▶ Required work
Go to the line with "Tomatoes juice in" in the records below, then output it and each following line exactly, up to and including the line with "Az ingatlan épült". Skip pictures and add nothing.

▶ Supplied entries
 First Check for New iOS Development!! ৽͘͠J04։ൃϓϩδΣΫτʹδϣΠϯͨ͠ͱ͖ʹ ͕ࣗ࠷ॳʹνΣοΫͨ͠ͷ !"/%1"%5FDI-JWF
---
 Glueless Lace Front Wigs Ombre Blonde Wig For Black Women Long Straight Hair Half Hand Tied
...
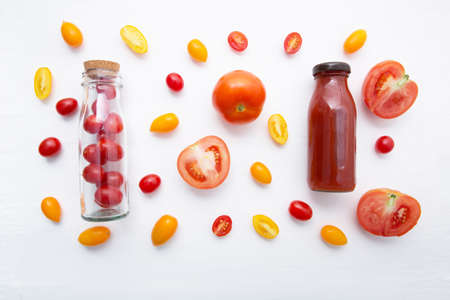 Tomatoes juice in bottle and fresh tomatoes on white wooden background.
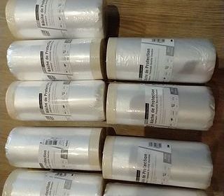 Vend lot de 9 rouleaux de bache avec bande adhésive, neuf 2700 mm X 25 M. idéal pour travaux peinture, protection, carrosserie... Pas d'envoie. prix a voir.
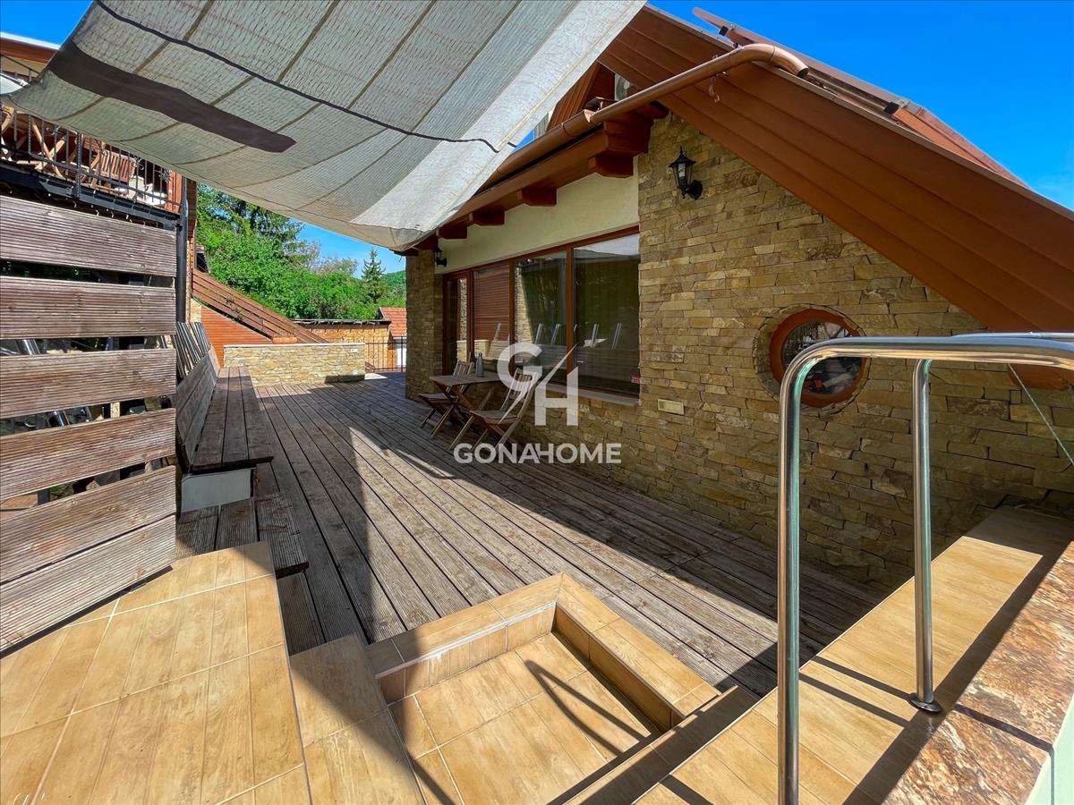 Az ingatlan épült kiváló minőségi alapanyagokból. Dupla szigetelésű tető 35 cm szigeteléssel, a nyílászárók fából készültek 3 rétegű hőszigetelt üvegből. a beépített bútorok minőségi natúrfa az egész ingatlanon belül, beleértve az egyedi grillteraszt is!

▶ Output
 Tomatoes juice in bottle and fresh tomatoes on white wooden background.
 Vend lot de 9 rouleaux de bache avec bande adhésive, neuf 2700 mm X 25 M. idéal pour travaux peinture, protection, carrosserie... Pas d'envoie. prix a voir.
 Az ingatlan épült kiváló minőségi alapanyagokból. Dupla szigetelésű tető 35 cm szigeteléssel, a nyílászárók fából készültek 3 rétegű hőszigetelt üvegből. a beépített bútorok minőségi natúrfa az egész ingatlanon belül, beleértve az egyedi grillteraszt is!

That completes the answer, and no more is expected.